--- Exercise data Enclosed Below ---

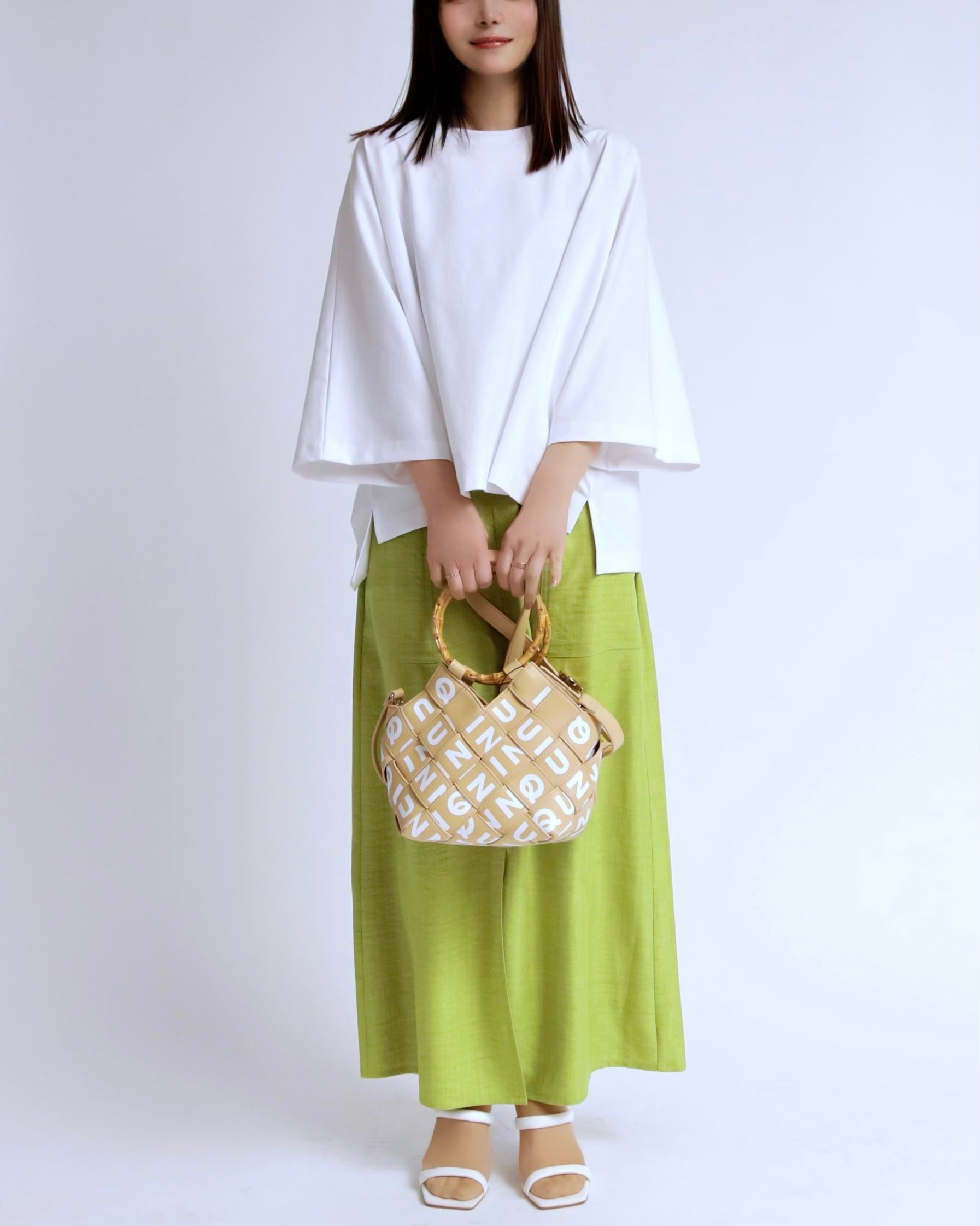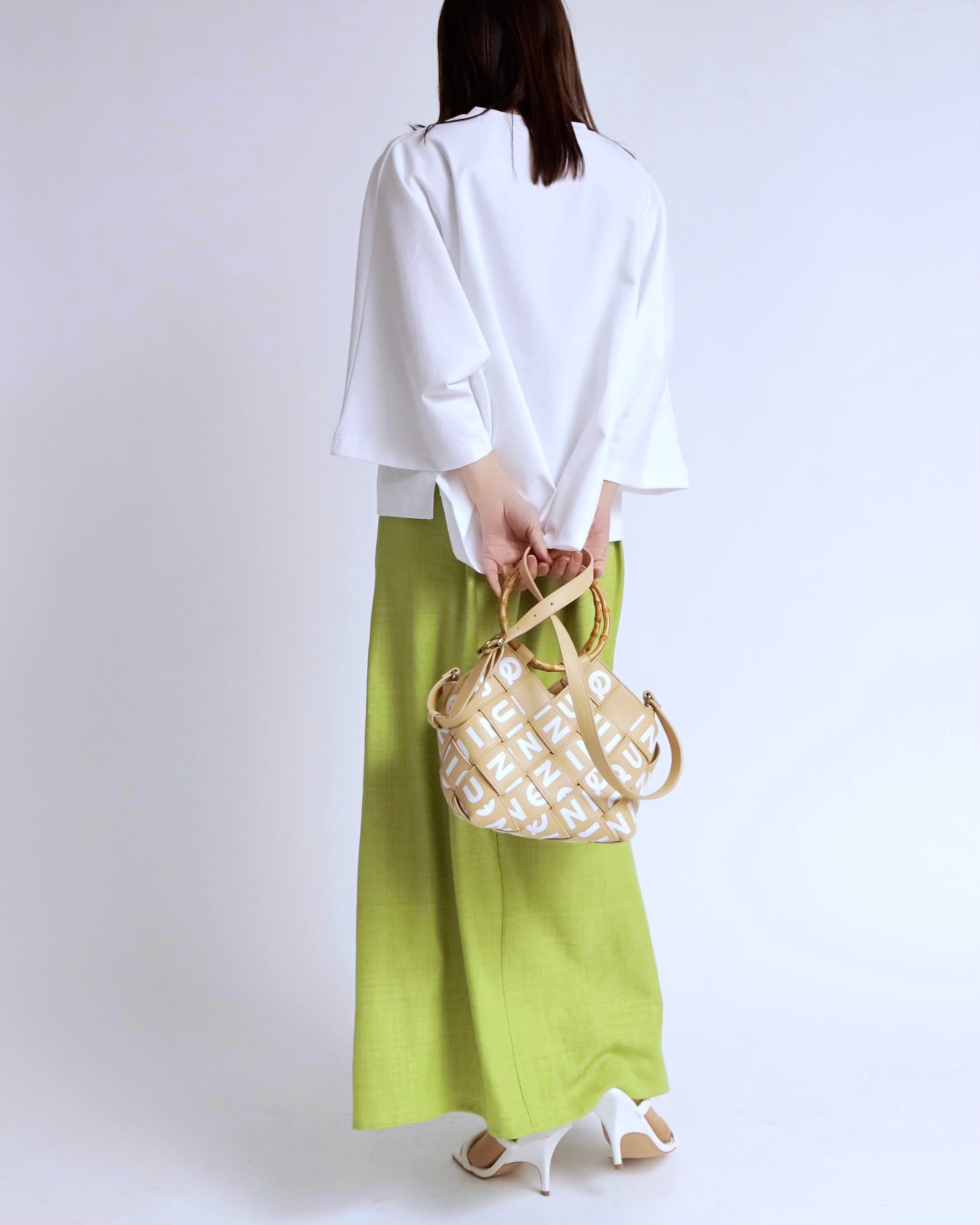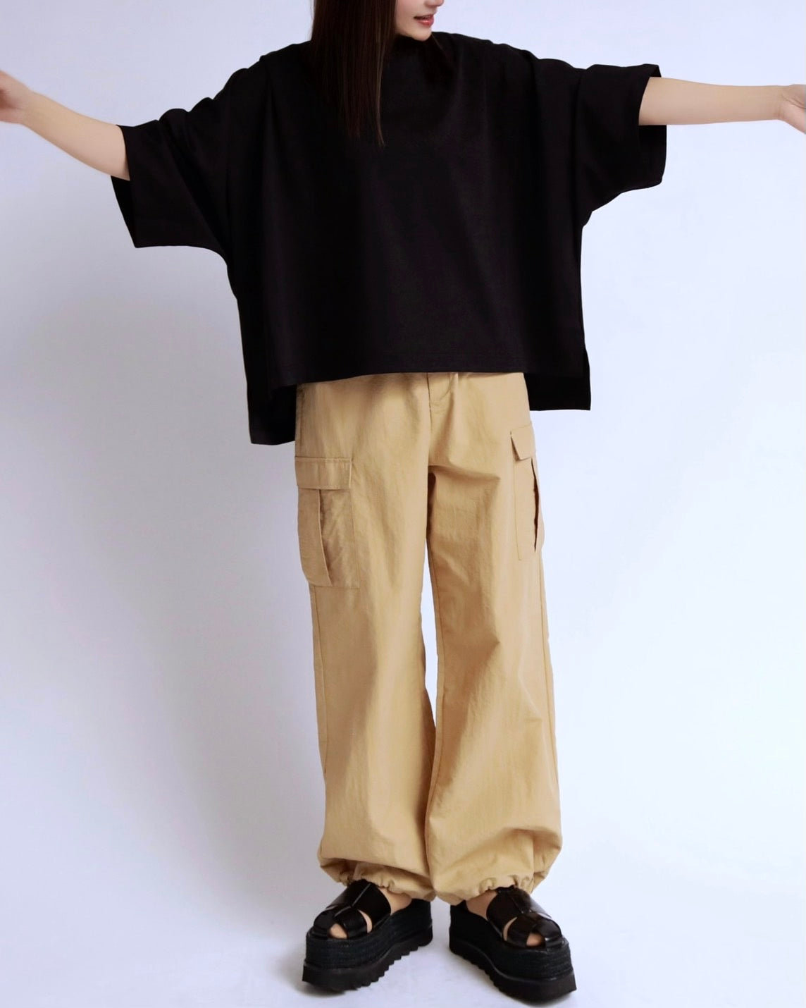 布をたっぷり使ったワイドなシルエットが、動くたびに自然なドレープを生み、シンプルながらも存在感のある一枚に仕上がっています。
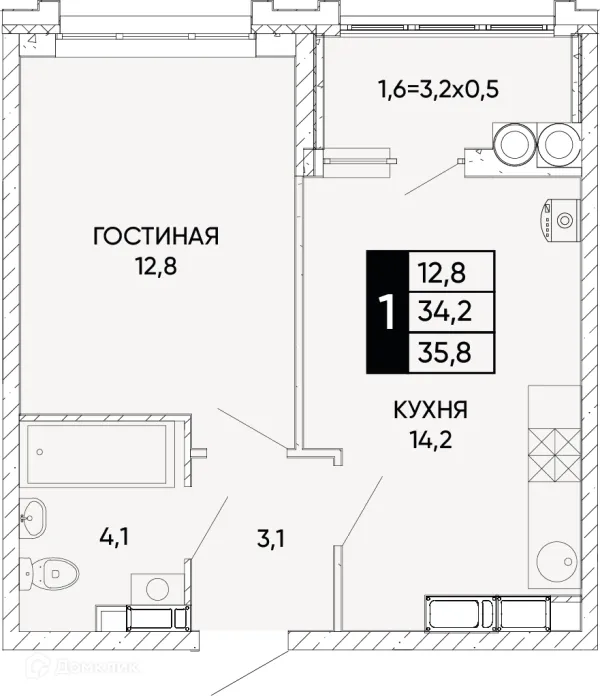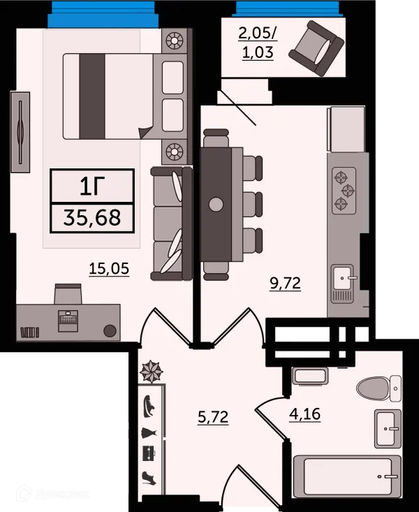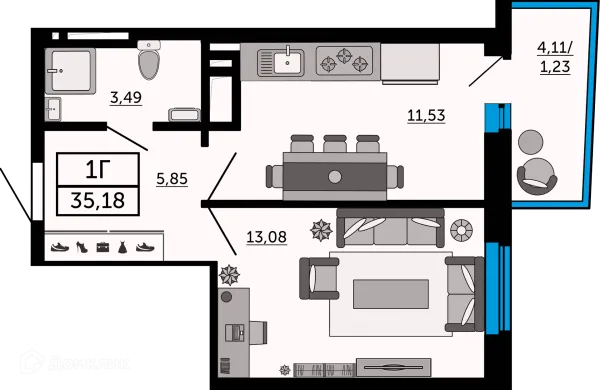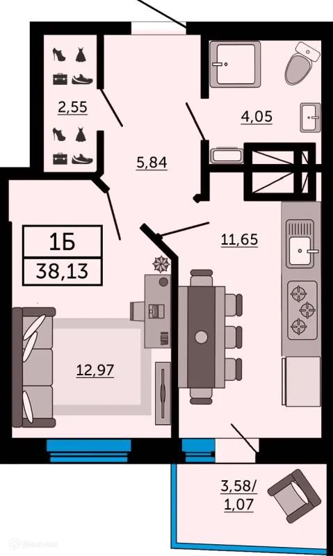 1 комн. квартира в Ростове-на-Дону в ипотеку от 41 186 руб/месяц
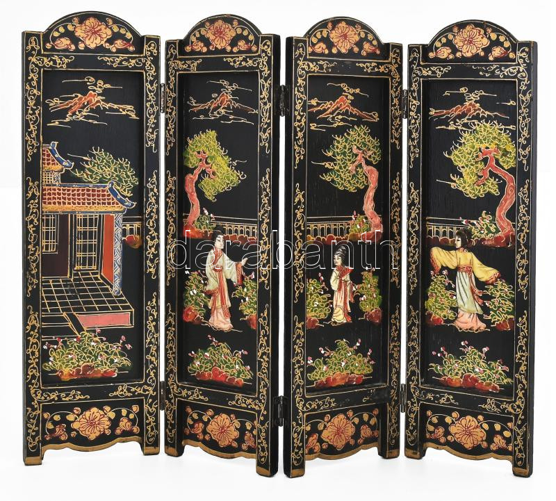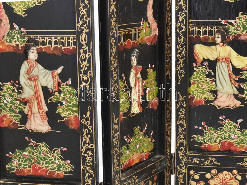 Távol-keleti paraván, 4 részes, festett fa, három plasztikus figurával (egy hiányzik), XX. sz. közepe körül, kisebb felületi hibákkal, kopásokkal, 48x39,5 cm

--- End of Enclosed Exercise data ---

▸ Activity
Copy out the listing above in full and leave out its pictures.

▸ Result of the exercise
 布をたっぷり使ったワイドなシルエットが、動くたびに自然なドレープを生み、シンプルながらも存在感のある一枚に仕上がっています。
 1 комн. квартира в Ростове-на-Дону в ипотеку от 41 186 руб/месяц
 Távol-keleti paraván, 4 részes, festett fa, három plasztikus figurával (egy hiányzik), XX. sz. közepe körül, kisebb felületi hibákkal, kopásokkal, 48x39,5 cm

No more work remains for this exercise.